Manifestaba que esa situación había sido fruto de una violación por parte de su marido, en una noche de borrachera, ya que Ella no podía negarse nunca a sus peticiones. –Me contó esa historia con menos de seis años- ni siquiera sabía que significaba aquello en aquel momento, ahora sé que era una mentira más de las suyas.

Inscribieron su nacimiento en el registro civil con varias semanas de retraso, porque no sabían qué hacer, ni que nombre ponerle. (Palabras textuales de Ella)

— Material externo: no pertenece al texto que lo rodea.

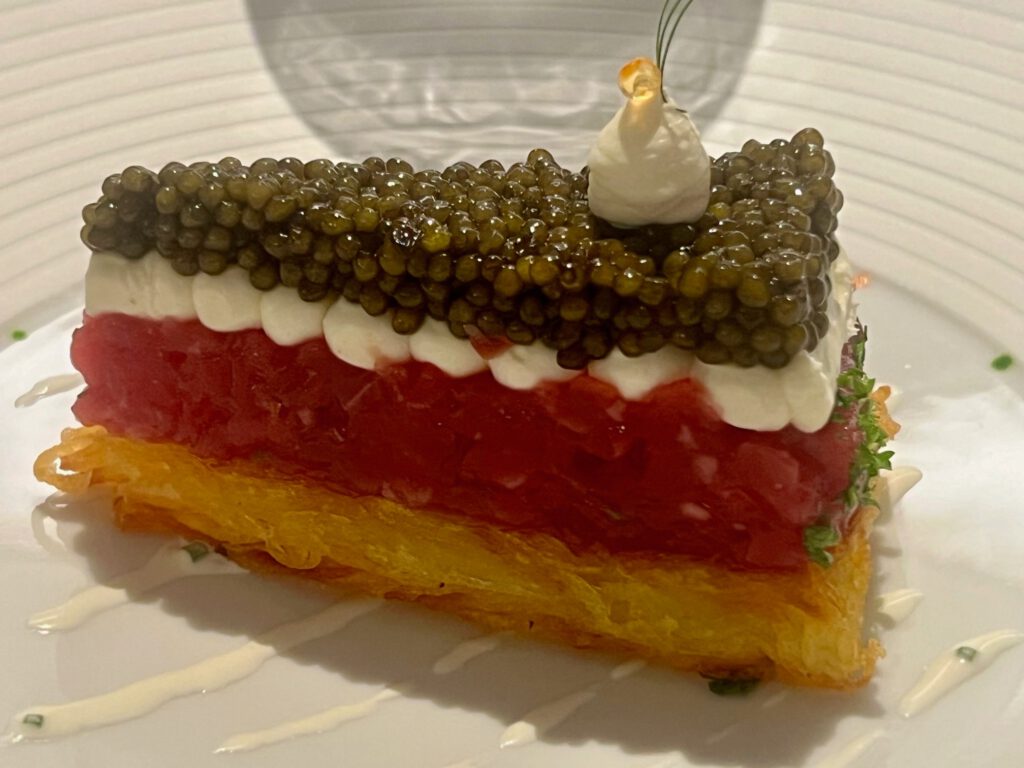 Kleine Torte vom Rinderfilet-Tartar mit N25 Caviar “Selection Sonnora auf knusprigem Kartoffelrösti

Los comentarios que hacía siempre sobre la última de sus hijas, eran: Es la más fea de todos, aunque la más simpática, la más charlatana.

En sus palabras siempre se notaba un gran odio y desprecio hacia esta hija.

Puede plantearse el lector que perdió la Gran Puta durante sus nueve meses de gestación, más los primeros meses de unas atenciones mínimas, que tuvo que dedicar a la hija que más odió a lo largo de toda su vida.

Pues muy sencillo:

Durante esos nueve meses, fue ignorada completamente por su marido. Su marido prefería a su hija, o sea yo.

El volumen de su cuerpo no le permitía organizar ni participar, de los actos de incesto que se llevaban a cabo en ese hogar, con la misma soltura que antes de engendrar esa nueva vida.

El nacimiento de éste nuevo ser, provocó un parón en su vida pedófila e incestuosa, que nunca se perdonó, fue a partir de aquí cuando de nuevo retomó las riendas de la situación, pues nada ni nadie la colocaría en un segundo plano.

La niña de seis años no era de Él, era de Ella. Como mucho de los dos.

Ahora comprendo ese odio irracional que siempre ha dirigido hacia mi hermana…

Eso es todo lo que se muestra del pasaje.